私は、VBS/VBAを使用してWebページからデータをスクレイピングして遊んでいます。

それがJavascriptだったら、私はその簡単さから離れていただろうが、VBS/VBAではそれほど単純ではないようだ。

これは私が答えのために作った例であり、動作しますが、getElementByTagNameを使用して子ノードにアクセスすることを計画していましたが、それらを使用する方法を理解できませんでした！ HTMLElementオブジェクトにはこれらのメソッドはありません。

_Sub Scrape() Dim Browser As InternetExplorer Dim Document As HTMLDocument Dim Elements As IHTMLElementCollection Dim Element As IHTMLElement Set Browser = New InternetExplorer Browser.navigate "http://www.hsbc.com/about-hsbc/leadership" Do While Browser.Busy And Not Browser.readyState = READYSTATE_COMPLETE DoEvents Loop Set Document = Browser.Document Set Elements = Document.getElementsByClassName("profile-col1") For Each Element in Elements Debug.Print "[ name] " & Trim(Element.Children(1).Children(0).innerText) Debug.Print "[ title] " & Trim(Element.Children(1).Children(1).innerText) Next Element Set Document = Nothing Set Browser = Nothing End Sub _

私は_HTMLElement.document_プロパティを見て、それがドキュメントの断片に似ているが、それを扱うのが難しいか、私が思うことだけではないかを見てきた

_Dim Fragment As HTMLDocument Set Element = Document.getElementById("example") ' This works Set Fragment = Element.document ' This doesn't _

これは、それを行うための長い道のりのようにも見えます（通常、それはvba imoの方法です）。関数を連鎖するより簡単な方法があるかどうか誰でも知っていますか？

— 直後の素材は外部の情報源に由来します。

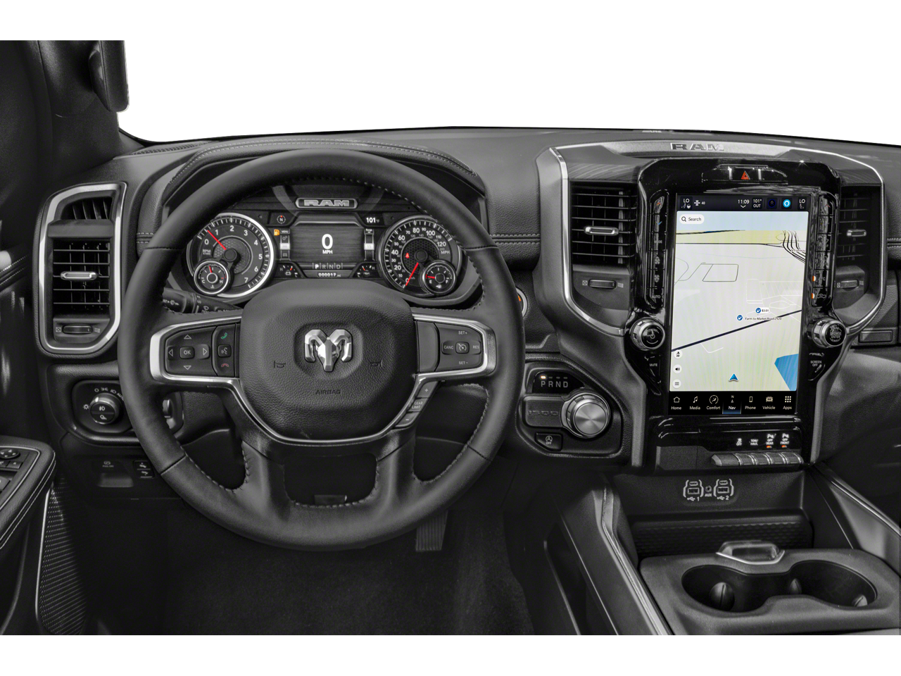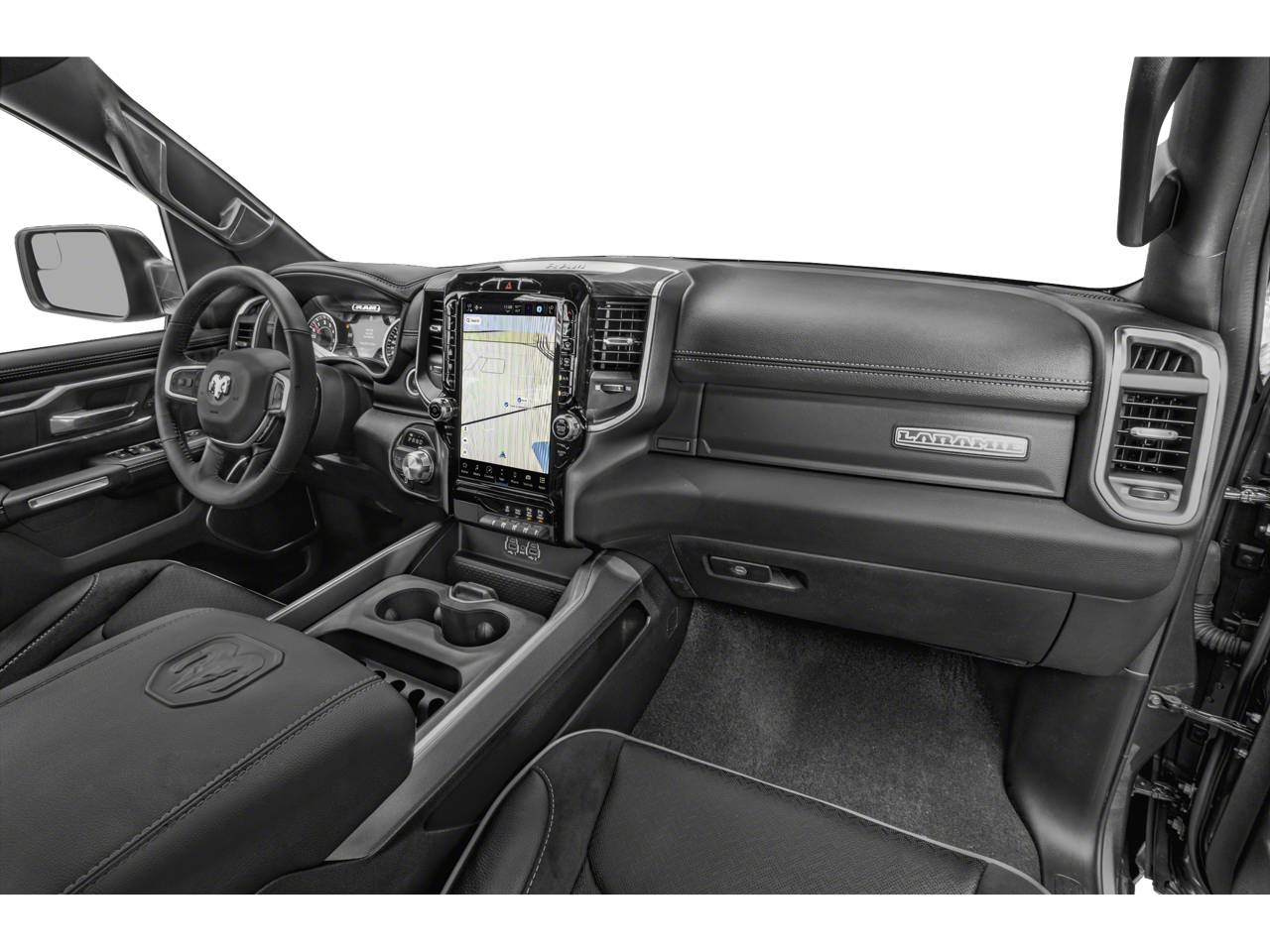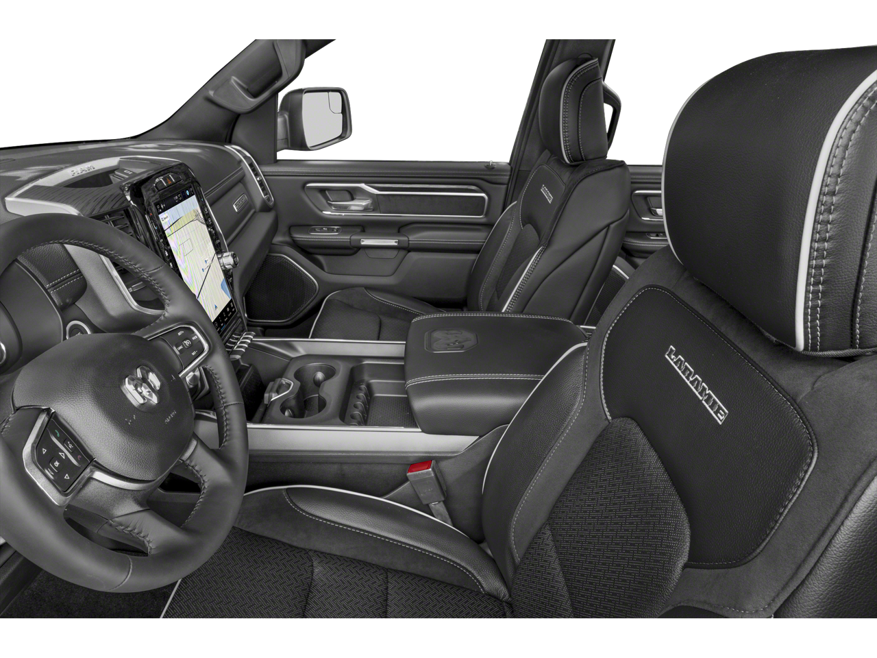 ASK ABOUT OUR NO PAYMENTS FOR 90 DAYS, Bluetooth®, FACTORY NAVIGATION/GPS, REAR BACKUP CAMERA, SEE OUR CREDIT REBUILDING TEAM, AS LITTLE AS ZERO DOWN PAYMENTS AVAILABLE, #1 Seat Foam Cushion, 10 Speakers, 12 Touchscreen Display, 2nd Row In Floor Storage Bins, 3 Rear Seat Head Restraints, 3.21 Rear Axle Ratio, 33 Gallon Fuel Tank, 4 Way Front Headrests, 4-Wheel Disc Brakes, 48V Belt Starter Generator, 4G LTE Wi-Fi Hot Spot, ABS brakes, Adjustable pedals, Air Conditioning, AM/FM radio: SiriusXM with 360L, Anti-Spin Differential Rear Axle, Apple CarPlay, Apple CarPlay/Android Auto, Audio memory, Auto High Beam Headlamp Control, Auto-dimming door mirrors, Auto-Dimming Exterior Driver Mirror, Auto-dimming Rear-View mirror, Automatic temperature control, Black Interior Accents, Blind Spot & Cross Path Detection, Body Color Exterior Mirrors, Body Color Front Bumper, Body Color Premium Power Mirrors, Body Color Rear Bumper w/Step Pads, Brake assist, Bumpers: chrome, Chrome Exterior Mirrors, Class IV Receiver Hitch, Compass, Connected Travel & Traffic Services, Connectivity - US/Canada, Convex Wide-Angle Exterior Mirror Insert, Delay-off headlights, Disassociated Touchscreen Display, Driver door bin, Driver Seat Memory, Driver vanity mirror, Dual front impact airbags, Dual front side impact airbags, Electronic Stability Control, Exterior Mirrors Courtesy Lamps, Exterior Mirrors w/Heating Element, Exterior Mirrors w/Memory, Exterior Mirrors w/Supplemental Signals, Exterior Parking Camera Rear, Foam Bottle Insert (Door Trim Panel), For Details, Visit DriveUconnect.com, For More Info, Call 800-643-2112, Front anti-roll bar, Front Center Armrest w/Storage, Front Door Accent Lighting, Front dual zone A/C, Front fog lights, Front LED Fog Lamps, Front License Plate Bracket, Front reading lights, Front Seat Back Map Pockets, Front wheel independent suspension, Fully automatic headlights, Garage door transmitter, Global Telematics Box Module (TBM), Google Android Auto, GPS Antenna Input, GPS Navigation, Grille Surround 3 Body Color Tex 2 Black, HD Radio, Heated door mirrors, Heated Front Seats, Heated front seats, Heated Steering Wheel, Heated steering wheel, Illuminated entry, Integrated Center Stack Radio, Integrated Voice Command w/Bluetooth®, Laramie Level 1 Equipment Group, Leather steering wheel, Leather Trim 40/20/40 Bench Seat, LED Reflector Headlamps, Low tire pressure warning, Manufacturer's Statement of Origin, Memory seat, MOPAR Front & Rear Rubber Floor Mats, Navigation System, Occupant sensing airbag, Outside temperature display, Overhead airbag, Overhead console, Panic alarm, ParkSense Front/Rear Park Assist w/Stop, ParkSense Front/Rear Park Assist w/Stop (DISC), Passenger door bin, Passenger vanity mirror, Pedal memory, Power 2-Way Driver Lumbar Adjust, Power 2-Way Passenger Lumbar Adjust, Power 8-Way Driver & Passenger Seats, Power door mirrors, Power driver seat, Power passenger seat, Power steering, Power windows, Power-Folding Mirrors, Quick Order Package 27H Laramie, Radio data system, Radio: Uconnect 5 Nav w/12.0 Display, Radio: Uconnect 5 Nav w/8.4 Display, Rain Sensitive Windshield Wipers, RAM Grille Badge - Chrome, Rear 60/40 Folding Seat, Rear anti-roll bar, Rear Door Accent Lighting, Rear Power Sliding Window, Rear seat center armrest, Rear step bumper, Rear Underseat Compartment Storage, Rear Window Defroster, Remote keyless entry, Remote Tailgate Release, Security system, SiriusXM Radio Service, SiriusXM w/360L, Speed control, Split folding rear seat, Sport Appearance Package, Sport Decal, Sport Performance Hood, Steering wheel mounted audio controls, Tachometer, Telescoping steering wheel, Tilt steering wheel, Traction control, Trailer Brake Control, Trailer Light Check, Trailer Reverse Steering Control, Trailer Tire Pressure Monitoring System, Trailer Tow Group, Trip computer, Turn signal indicator mirrors, USB Host Flip, Variably intermittent wipers, Ventilated Front Seats, Ventilated front seats, Voltmeter, Whe

Document.getElementById("target").getElementsByTagName("tr")は素晴らしいでしょう...

mkingston · Accepted Answer

私もそれが好きではありません。

したがって、javascriptを使用します。

Public Function GetJavaScriptResult(doc as HTMLDocument, jsString As String) As String Dim el As IHTMLElement Dim nd As HTMLDOMTextNode Set el = doc.createElement("INPUT") Do el.ID = GenerateRandomAlphaString(100) Loop Until Document.getElementById(el.ID) Is Nothing el.Style.display = "none" Set nd = Document.appendChild(el) doc.parentWindow.ExecScript "document.getElementById('" & el.ID & "').value = " & jsString GetJavaScriptResult = Document.getElementById(el.ID).Value Document.removeChild nd End Function Function GenerateRandomAlphaString(Length As Long) As String Dim i As Long Dim Result As String Randomize Timer For i = 1 To Length Result = Result & Chr(Int(Rnd(Timer) * 26 + 65 + Round(Rnd(Timer)) * 32)) Next i GenerateRandomAlphaString = Result End Function

これに関して何か問題があれば教えてください。コンテキストをメソッドから関数に変更しました。

ところで、IEのどのバージョンを使用していますか？IE8を使用していると思われます。IE8にアップグレードすると、shdocvw.dllがieframe.dllに更新され、 document.querySelector/Allを使用できるようになります。

編集

実際にはコメントではないコメント応答：基本的にVBAでこれを行う方法は、子ノードをトラバースすることです。問題は、正しい戻り値の型を取得できないことです。これを修正するには、IHTMLElementとIHTMLElementCollectionを（別々に）実装する独自のクラスを作成します。しかし、それは私が支払いを受けずにそれを行うにはあまりにも苦痛です:)。決定したら、VB6/VBAのImplementsキーワードを読んで読んでください。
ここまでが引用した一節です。